Dataset section:
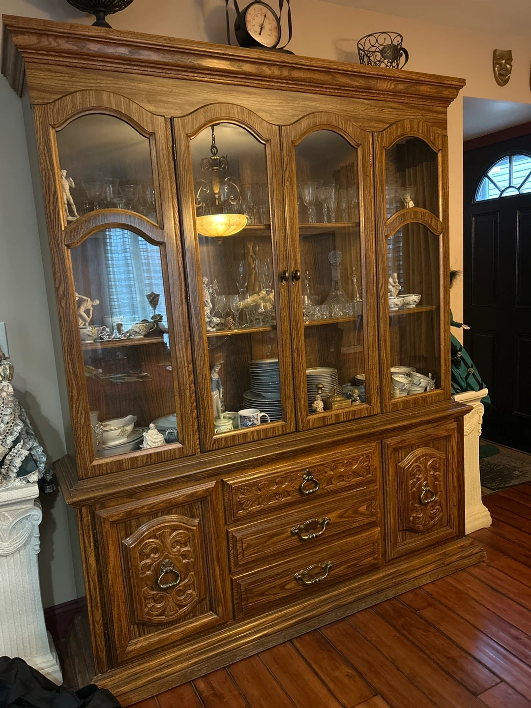 10Selling a beautiful wooden china cabinet! It features glass doors on the upper section and drawers and cabinets on the lower section. Perfect for displaying your fine china or storing your dining essentials
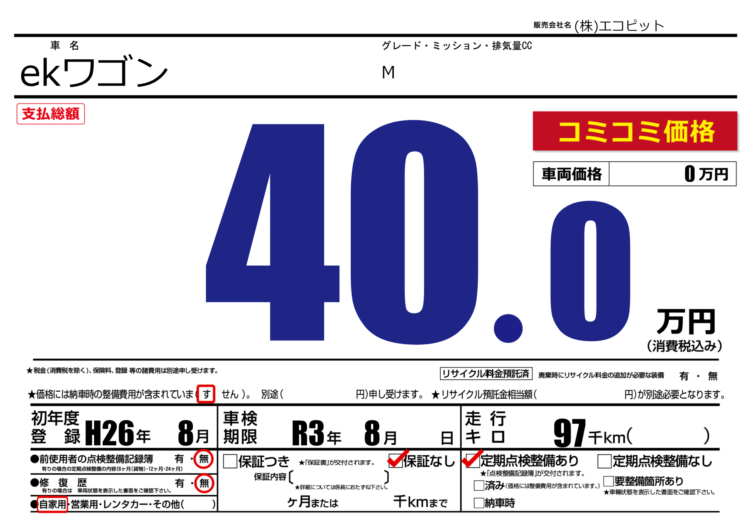 | 車名 | ekワゴン | グレード ミッション 排気量 |
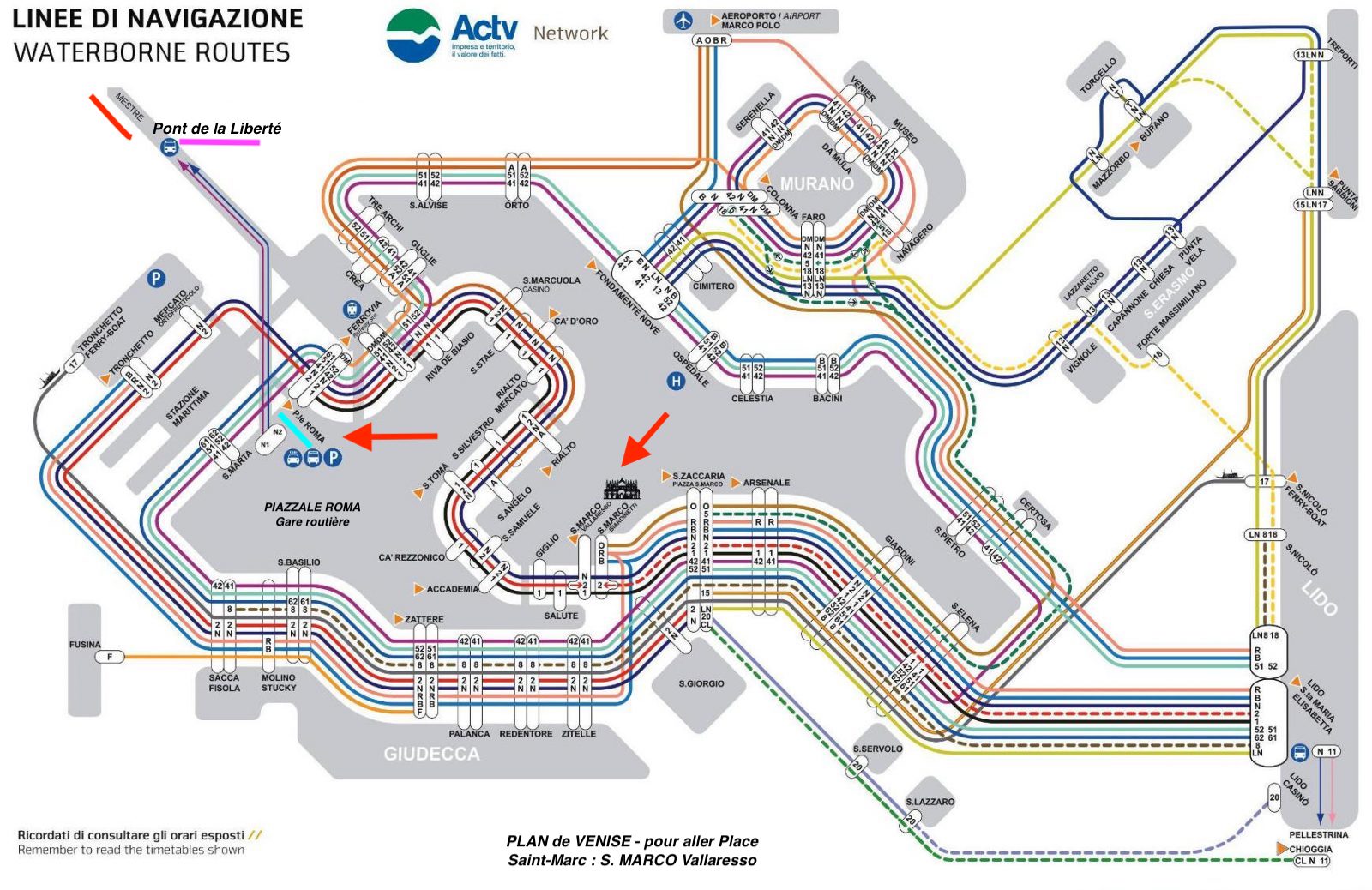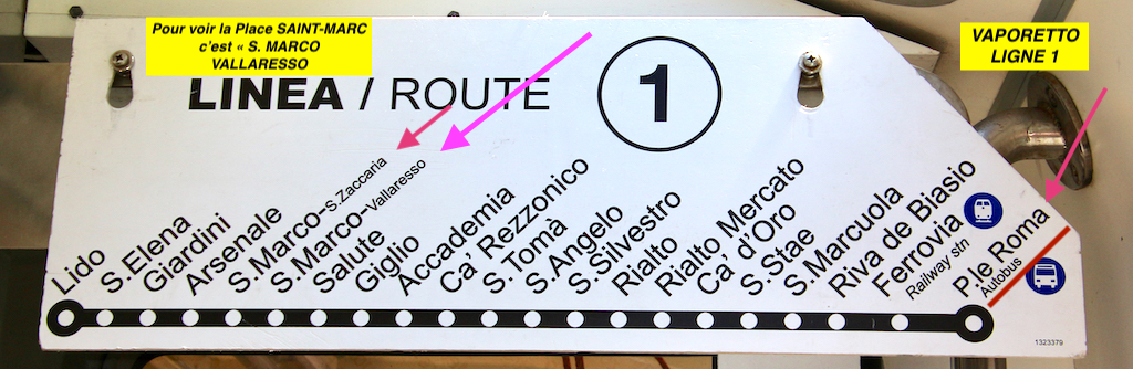 Pour les embarcadères et les lignes à prendre à Venise voir ce site : «
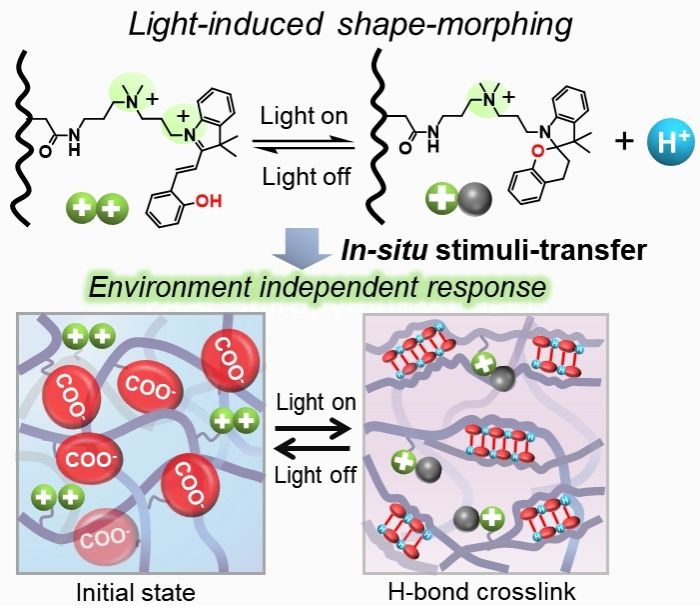 图1.原位刺激转移机制使聚丙烯酸水凝胶实现高性能刺激响应和多环境形状变形功能。

Exercise goal: Repeat every line above exactly, minus the pictures.

Solution to this exercise:
 10Selling a beautiful wooden china cabinet! It features glass doors on the upper section and drawers and cabinets on the lower section. Perfect for displaying your fine china or storing your dining essentials
 | 車名 | ekワゴン | グレード ミッション 排気量 |
 Pour les embarcadères et les lignes à prendre à Venise voir ce site : «
 图1.原位刺激转移机制使聚丙烯酸水凝胶实现高性能刺激响应和多环境形状变形功能。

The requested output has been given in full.